Food Beverage

Wasa S Fresh Take On Sushi

It’s 7:30 on a Tuesday night, and 20 people are waiting to get into WaSa Sushi and Japanese Restaurant.

Good sign.

They’re chatting happily outside in the winter chill of a shopping center parking lot in Irvine, Orange County, Calif. No grousing about the wait, just lots of chatter about the dining experience that awaits.

Another good sign.

Businessman Bronnie Lee and chef James Hamamori have a hit with their “new generation” sushi houses in Irvine and Newport Beach.

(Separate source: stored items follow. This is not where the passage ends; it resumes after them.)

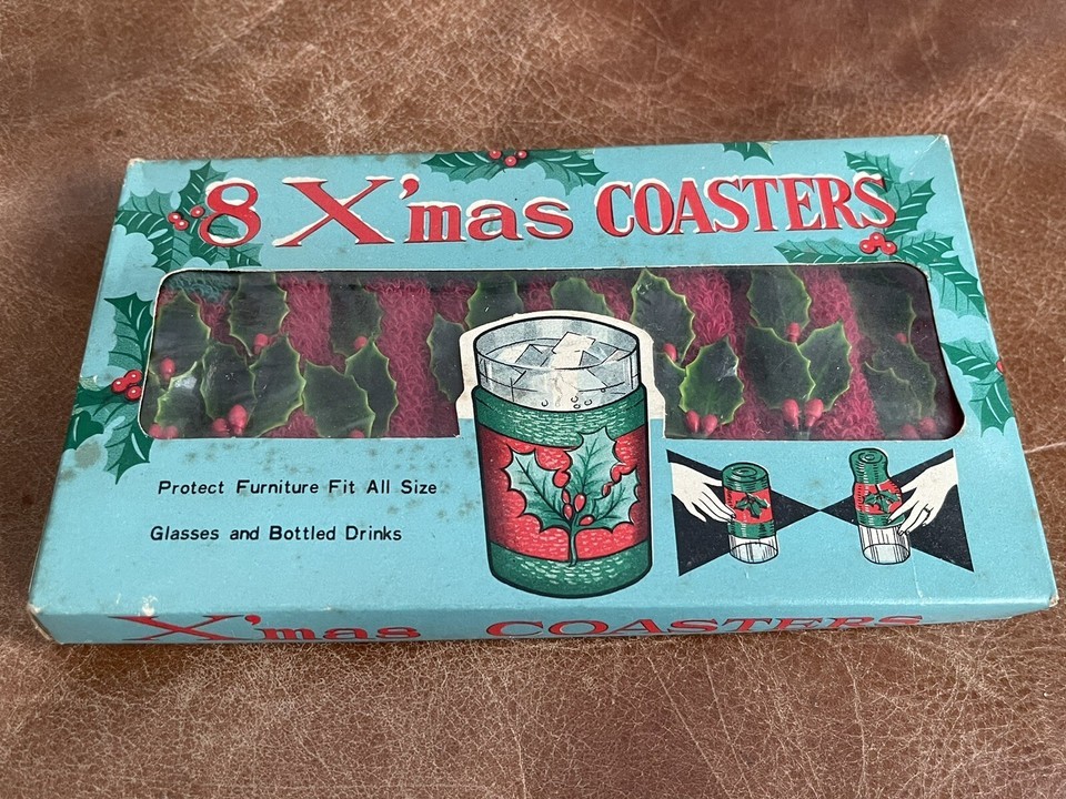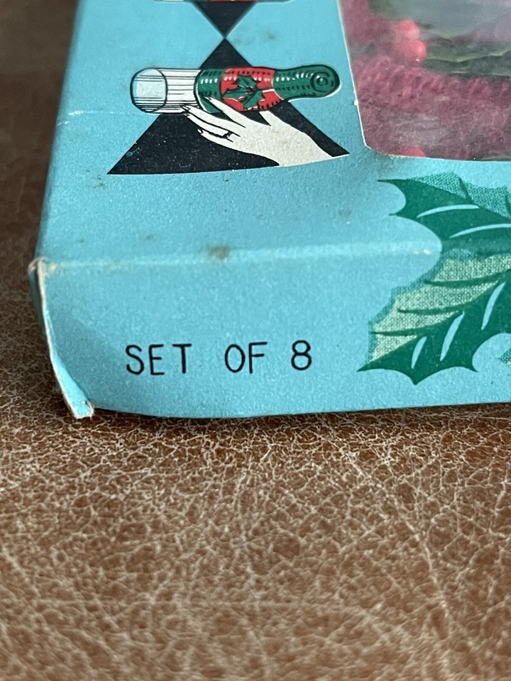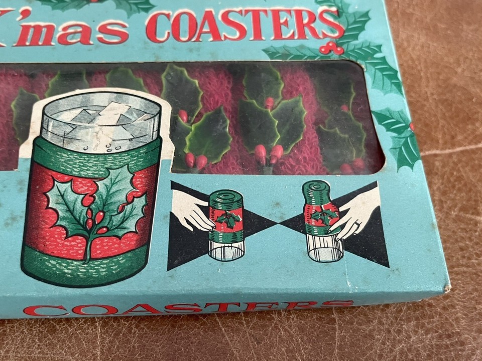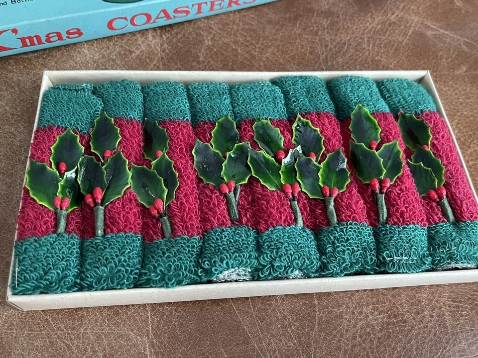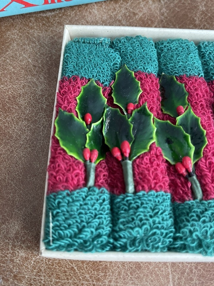 Christmas Koozies Set ELPO 3310 TERRY CLOTH COVER KNIT HOLLY Set Of 8 Vintage
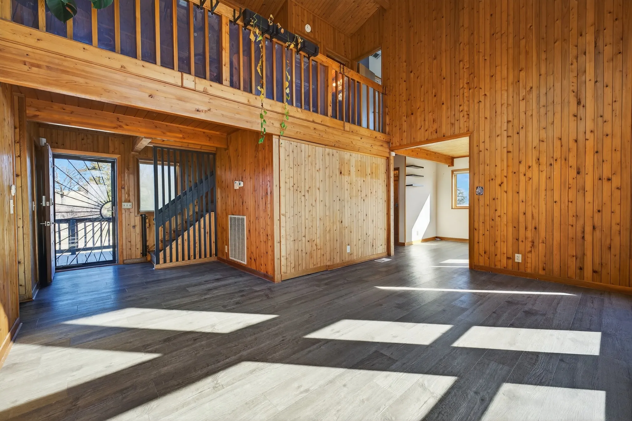 Spacious front and back decks invite you to step directly into nature. Inside, soaring ceilings and massive windows flood the home with abundant natural light, creating a bright, open feel. A modern staircase ascends to an interior balcony that overlooks the living area below.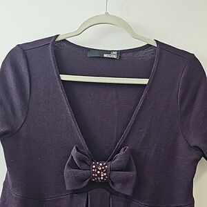 Love Moshino Wool Blend Purple A Line Dress with Bow Size 8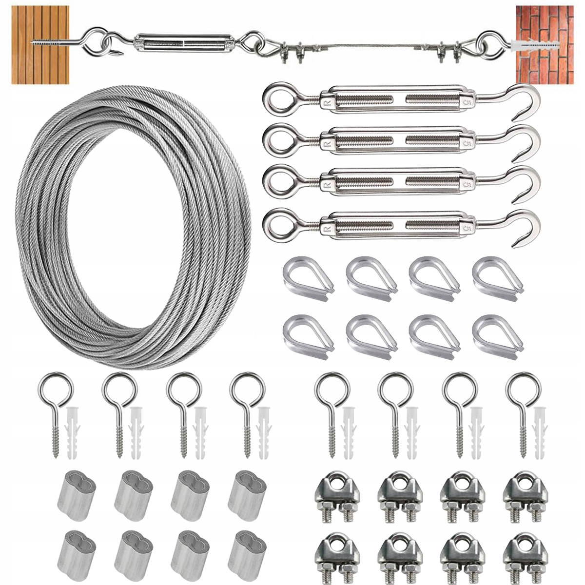 Включені 1 x сталевий мотузок 20 м φ 3 мм, 4 х М5 натягувач з гачком і оком, 8 x m3 очний гвинт M3, 8 x затискачі для сталевих мотузок M3, 8 x пластикове розширення, 8 x м3 сталеві лінії, 8 x алюмінієвих затискачів тиск M3.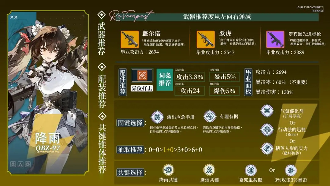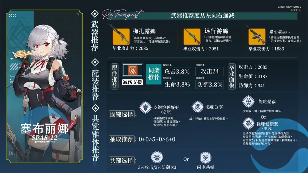 (P.s. 对于有多个可选固件的角色,如果不知道带什么就带左边的两个和右边最上面的一个XD)T1,托洛洛:托洛洛自从拥有春田和跃键以后就如同重获新生,强度非常高,以常驻角色的身份发挥着限定角色的实力,5椎完全体。

They’re places that stand out in Orange County’s crowded sushi world. (The pair are also behind restaurants with the WaSa name in Rancho Santa Margarita and Laguna Niguel).

For fans, it’s the novelty of what Hamamori’s doing with sushi and other Japanese fare that defines the appeal. And for some detractors who sampled the food with me, it’s the novelty of what he’s doing with sushi and other Japanese fare.

That novelty comes to life with the “WaSa Treasures,” a list of 16 plates that take two-piece sushi servings and fuse them with sharp, saucy flavors. That is melded with a tradition-stocked sushi bar and a host of intriguing cold and hot appetizers and dinner entrees.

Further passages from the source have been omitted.